* **DATA**:
+ + + + +
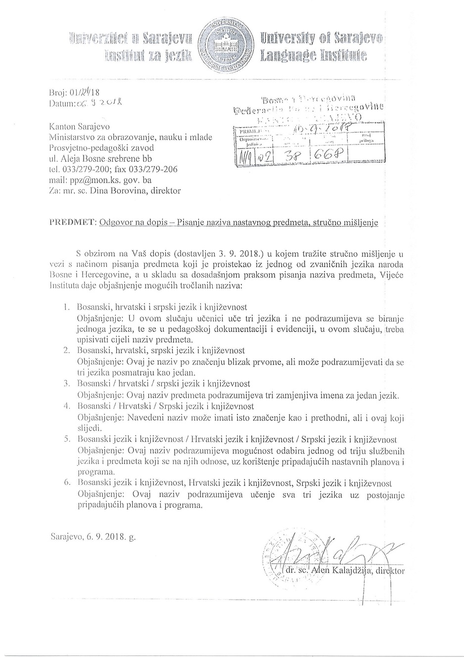 Naime, uslijed javnosti već poznatih okolnosti oko nedoumica kod mogućih rješenja u pisanju naziva nastavnog predmeta za maternji jezik i književnost u Kantonu Sarajevo, tačno je da je Institut 6. 9. 2018. poslao svoje stručno mišljenje u vezi s tim, a koje je prethodno usaglašeno među svim kolegama na Vijeću Instituta za jezik.
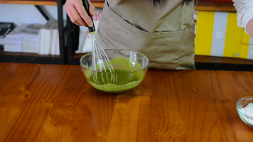 将三分之一蛋白糊加入到DK宇治抹茶蛋黄糊中用翻拌手法搅拌均匀,不可画圈搅拌,容易消泡。
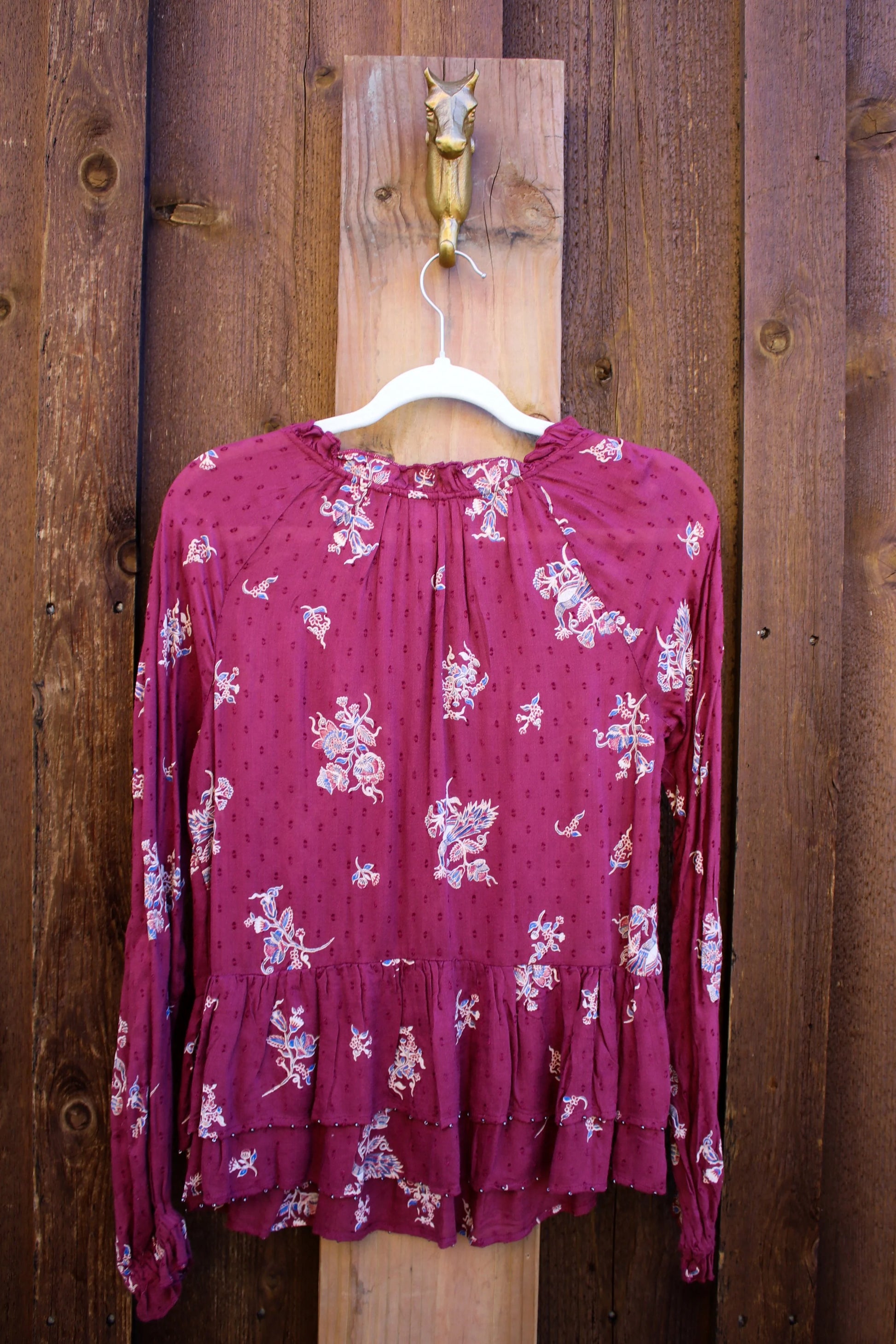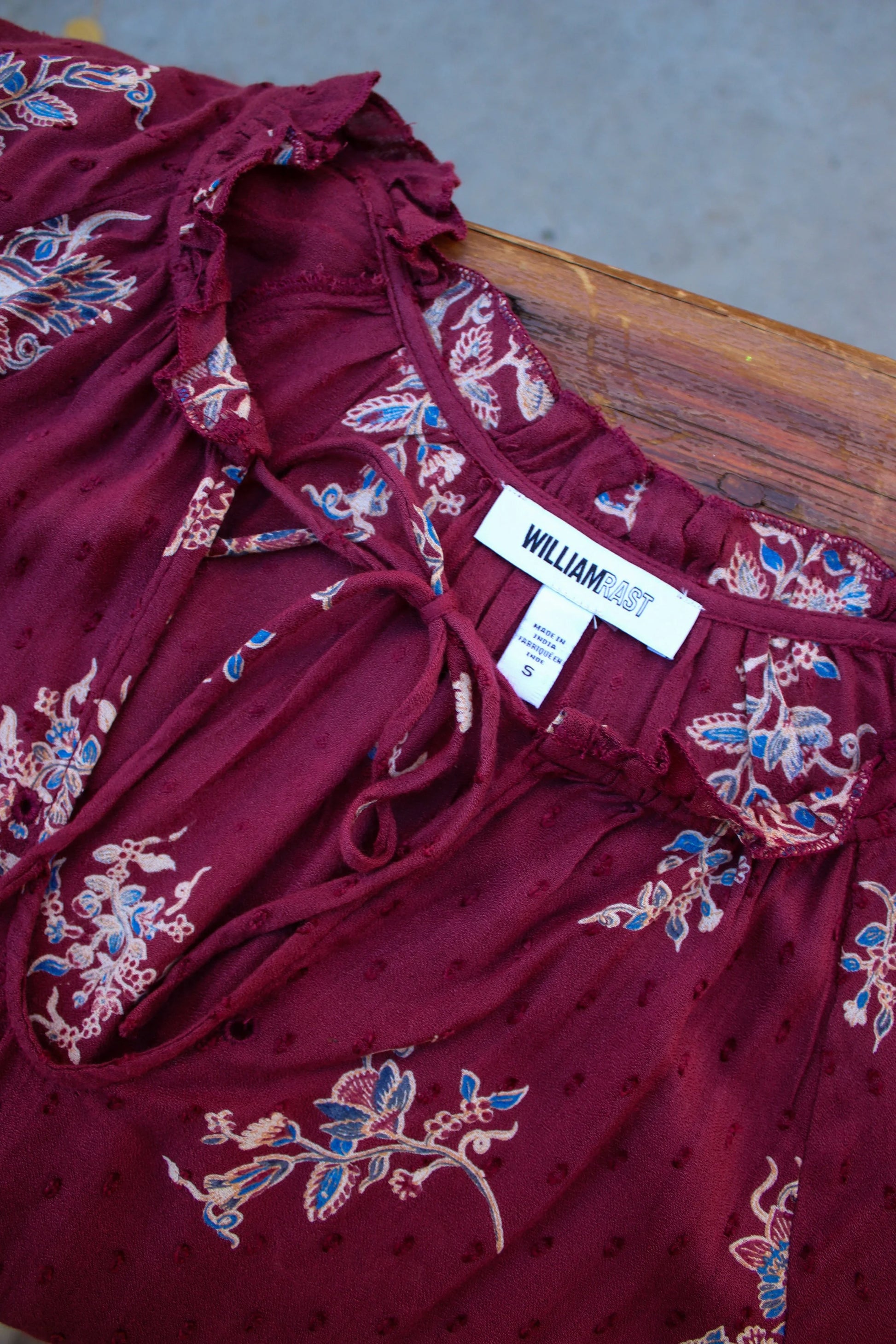 William Rast women’s maroon v-neck tie top made from ultra-soft modal fabric with beaded waist ties. Perfect for transitional weather and effortless everyday wear.Size: Small
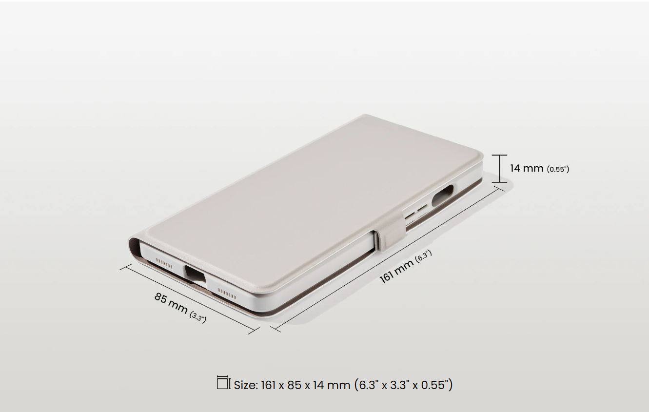- Dimension: 161 x 85 x 14 mm (6.3" x 3.3" x 0.55")
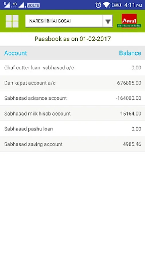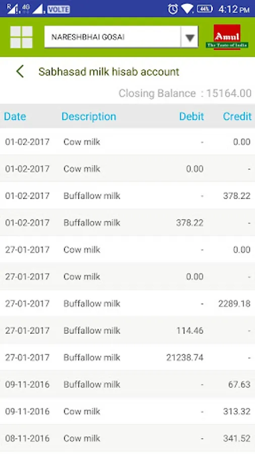 8. Farmers can view the transactions including amount credited & debited to the account, date period, and milk description along with total remuneration account balance.
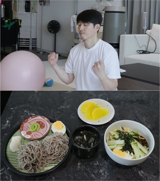 심형탁은 전완근에 불끈 힘을 주고 메밀국수에 곁들일 무를 강판에 갈기 시작하고, 삶은 달걀과 오이까지 야무지게 준비하며 플레이팅에 혼을 쏟는다.
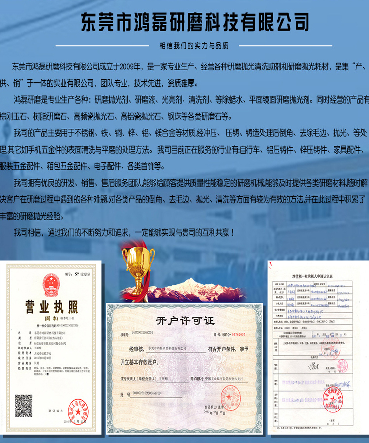 無(wú)水研磨石目前只適合于鋁合金與鋅合金表面的粗磨,也不能達(dá)到很光亮的效果,如果您的工件表面要求沒(méi)有那么高,只需磨掉工件表面氧化層、倒角,批鋒、毛邊等,完全沒(méi)有問(wèn)題!
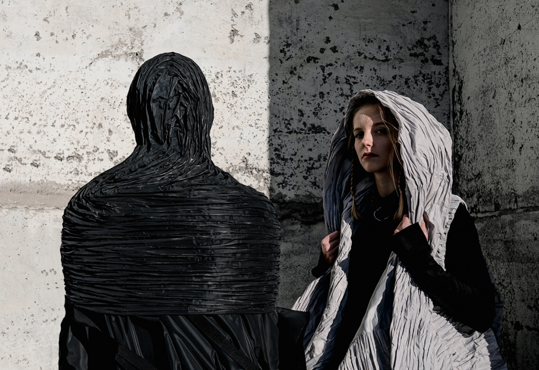 Заняться дизайном одежды программиста Екатерину Пономареву побудило отсутствие комфортных (прежде всего в эмоциональном плане) вещей. Поступив в петербургский филиал французского института Mod’Art, девушка подготовила дипломную коллекцию с платьями, бомберами и накидками из плащевой ткани, которая может принимать любую форму благодаря отсутствию конструктивных швов. У бренда It’s Personal получились настоящие забинтованные фигуры, которые, по мнению Екатерины, символизируют защитный кокон от социального давления, обезличивания и жизни на поводу у общества. А носить их It’s Personal предлагает с такой же авангардной обувью, выполненной дизайнером вручную.
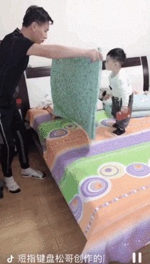 这可能是国内外社交媒体上普及度最高的魔术了,你只需要准备一张足够长的毯子或布,藏在一扇有“逃跑空间”的门后面,把毯子抬起放下,抬起放下,开跑……人消失啦。
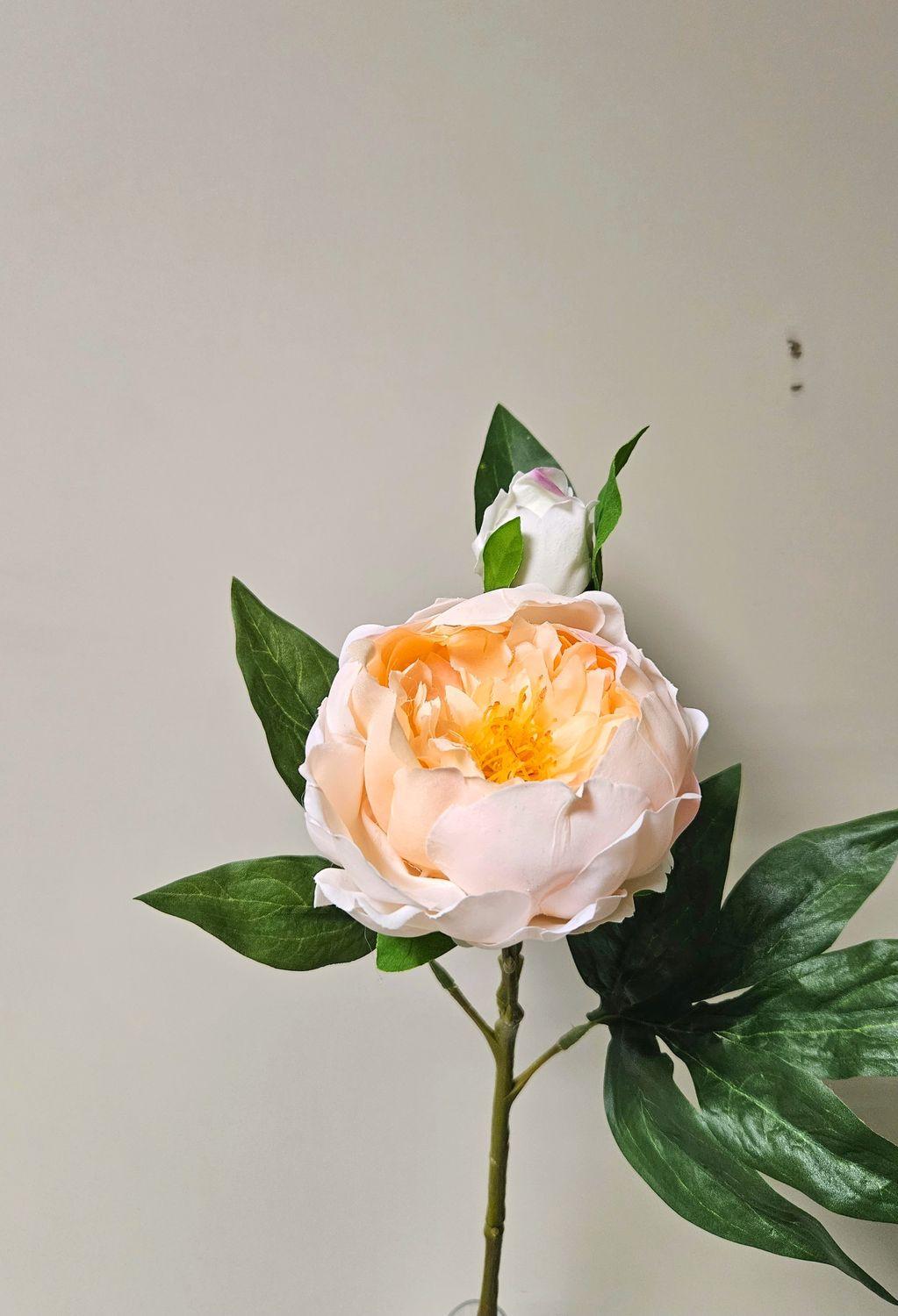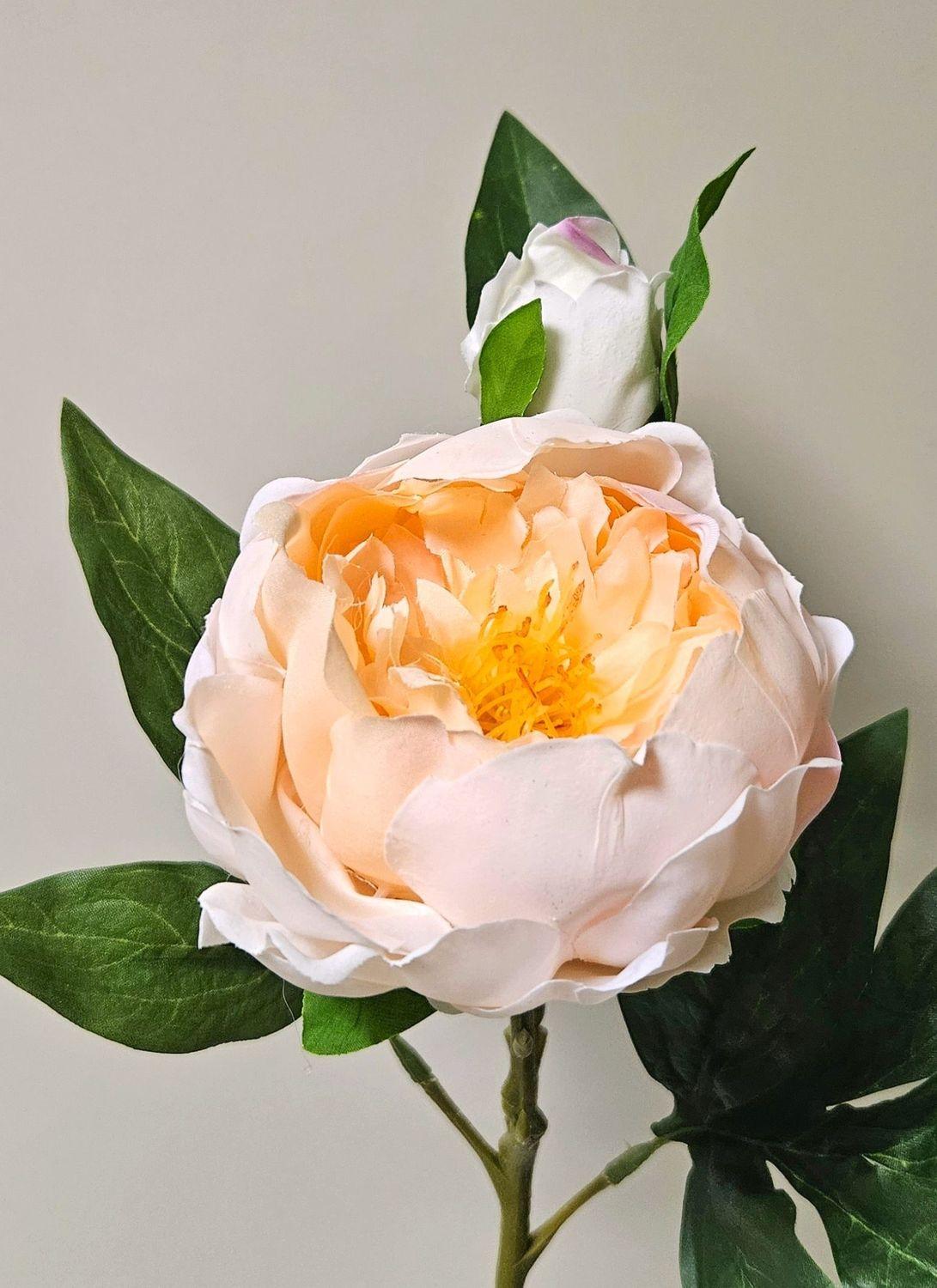 Peonia artificiale FYRFAR, semiaperta, crema-albicocca, 60 cm
+ + + + +
Would you print all of the entries exactly, omitting any image?

* **SOLVED EXERCISE**:
 Naime, uslijed javnosti već poznatih okolnosti oko nedoumica kod mogućih rješenja u pisanju naziva nastavnog predmeta za maternji jezik i književnost u Kantonu Sarajevo, tačno je da je Institut 6. 9. 2018. poslao svoje stručno mišljenje u vezi s tim, a koje je prethodno usaglašeno među svim kolegama na Vijeću Instituta za jezik.
 将三分之一蛋白糊加入到DK宇治抹茶蛋黄糊中用翻拌手法搅拌均匀,不可画圈搅拌,容易消泡。
 William Rast women’s maroon v-neck tie top made from ultra-soft modal fabric with beaded waist ties. Perfect for transitional weather and effortless everyday wear.Size: Small
- Dimension: 161 x 85 x 14 mm (6.3" x 3.3" x 0.55")
 8. Farmers can view the transactions including amount credited & debited to the account, date period, and milk description along with total remuneration account balance.
 심형탁은 전완근에 불끈 힘을 주고 메밀국수에 곁들일 무를 강판에 갈기 시작하고, 삶은 달걀과 오이까지 야무지게 준비하며 플레이팅에 혼을 쏟는다.
 無(wú)水研磨石目前只適合于鋁合金與鋅合金表面的粗磨,也不能達(dá)到很光亮的效果,如果您的工件表面要求沒(méi)有那么高,只需磨掉工件表面氧化層、倒角,批鋒、毛邊等,完全沒(méi)有問(wèn)題!
 Заняться дизайном одежды программиста Екатерину Пономареву побудило отсутствие комфортных (прежде всего в эмоциональном плане) вещей. Поступив в петербургский филиал французского института Mod’Art, девушка подготовила дипломную коллекцию с платьями, бомберами и накидками из плащевой ткани, которая может принимать любую форму благодаря отсутствию конструктивных швов. У бренда It’s Personal получились настоящие забинтованные фигуры, которые, по мнению Екатерины, символизируют защитный кокон от социального давления, обезличивания и жизни на поводу у общества. А носить их It’s Personal предлагает с такой же авангардной обувью, выполненной дизайнером вручную.
 这可能是国内外社交媒体上普及度最高的魔术了,你只需要准备一张足够长的毯子或布,藏在一扇有“逃跑空间”的门后面,把毯子抬起放下,抬起放下,开跑……人消失啦。
 Peonia artificiale FYRFAR, semiaperta, crema-albicocca, 60 cm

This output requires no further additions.